--- Exercise ---
Could you repeat the entries below exactly, but only from the line with "Cap funzionale a" through the line with "掘金对灰熊比赛,是因为孟菲斯", and without any picture?

--- Input material ---
= = =
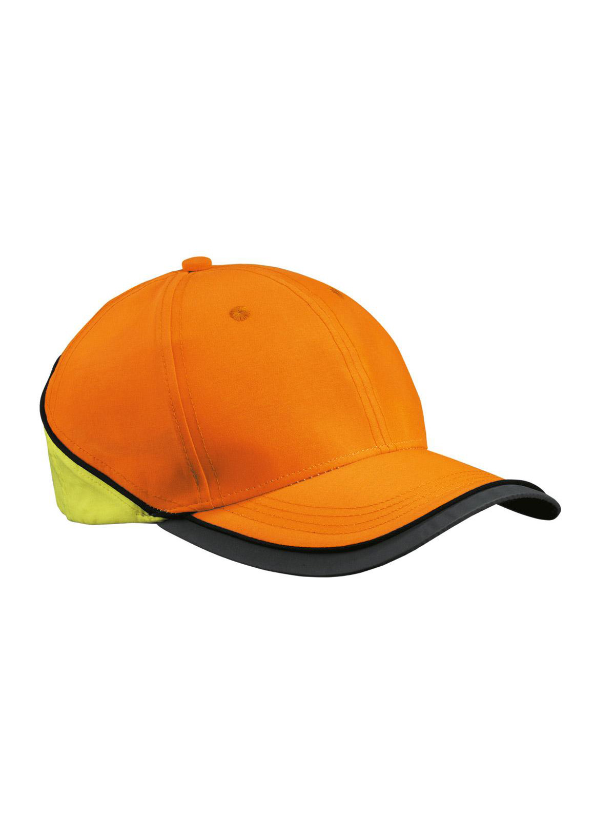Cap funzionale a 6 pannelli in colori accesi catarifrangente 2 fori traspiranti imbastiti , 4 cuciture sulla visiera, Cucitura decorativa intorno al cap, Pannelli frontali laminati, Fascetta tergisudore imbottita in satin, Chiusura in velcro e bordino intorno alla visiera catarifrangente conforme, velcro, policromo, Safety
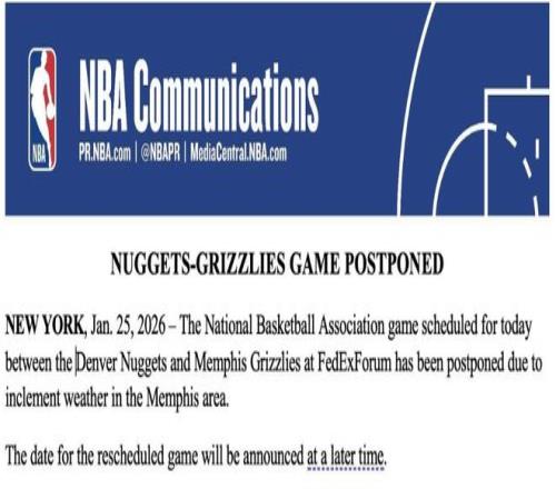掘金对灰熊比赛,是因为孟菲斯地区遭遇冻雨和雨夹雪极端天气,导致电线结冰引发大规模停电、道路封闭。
= = =
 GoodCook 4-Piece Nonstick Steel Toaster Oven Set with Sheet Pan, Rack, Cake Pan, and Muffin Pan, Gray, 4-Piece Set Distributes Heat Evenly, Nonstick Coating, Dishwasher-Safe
= = =
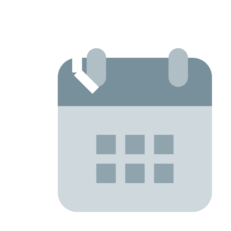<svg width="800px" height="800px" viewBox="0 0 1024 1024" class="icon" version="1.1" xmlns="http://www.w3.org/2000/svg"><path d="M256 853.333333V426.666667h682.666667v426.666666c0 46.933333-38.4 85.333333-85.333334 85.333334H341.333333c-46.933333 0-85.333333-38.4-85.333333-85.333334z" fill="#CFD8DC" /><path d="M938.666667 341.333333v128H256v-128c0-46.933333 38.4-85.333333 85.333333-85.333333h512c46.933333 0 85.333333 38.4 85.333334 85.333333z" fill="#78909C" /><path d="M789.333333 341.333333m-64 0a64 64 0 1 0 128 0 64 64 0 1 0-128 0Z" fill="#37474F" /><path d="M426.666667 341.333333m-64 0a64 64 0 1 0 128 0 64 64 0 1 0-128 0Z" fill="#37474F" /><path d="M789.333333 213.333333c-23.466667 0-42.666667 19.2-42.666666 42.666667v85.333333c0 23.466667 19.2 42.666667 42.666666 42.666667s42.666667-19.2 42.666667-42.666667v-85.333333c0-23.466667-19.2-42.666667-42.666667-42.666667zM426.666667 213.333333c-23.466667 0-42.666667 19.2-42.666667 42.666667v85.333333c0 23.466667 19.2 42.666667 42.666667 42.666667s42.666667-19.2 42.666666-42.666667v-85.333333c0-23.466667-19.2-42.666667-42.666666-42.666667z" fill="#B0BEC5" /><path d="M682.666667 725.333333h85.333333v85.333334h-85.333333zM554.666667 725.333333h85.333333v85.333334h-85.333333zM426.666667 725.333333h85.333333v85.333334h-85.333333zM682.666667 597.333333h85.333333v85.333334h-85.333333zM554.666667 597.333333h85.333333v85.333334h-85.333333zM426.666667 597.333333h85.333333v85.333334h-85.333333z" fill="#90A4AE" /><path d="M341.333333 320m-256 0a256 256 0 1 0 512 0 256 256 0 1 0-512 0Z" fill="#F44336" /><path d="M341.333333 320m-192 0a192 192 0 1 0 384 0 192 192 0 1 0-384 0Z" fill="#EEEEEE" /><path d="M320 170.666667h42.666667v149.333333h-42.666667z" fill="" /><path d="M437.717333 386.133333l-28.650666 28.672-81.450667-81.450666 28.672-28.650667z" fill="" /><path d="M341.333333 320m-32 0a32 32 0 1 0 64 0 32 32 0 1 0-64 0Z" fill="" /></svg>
= = =
--- Task response ---
Cap funzionale a 6 pannelli in colori accesi catarifrangente 2 fori traspiranti imbastiti , 4 cuciture sulla visiera, Cucitura decorativa intorno al cap, Pannelli frontali laminati, Fascetta tergisudore imbottita in satin, Chiusura in velcro e bordino intorno alla visiera catarifrangente conforme, velcro, policromo, Safety
掘金对灰熊比赛,是因为孟菲斯地区遭遇冻雨和雨夹雪极端天气,导致电线结冰引发大规模停电、道路封闭。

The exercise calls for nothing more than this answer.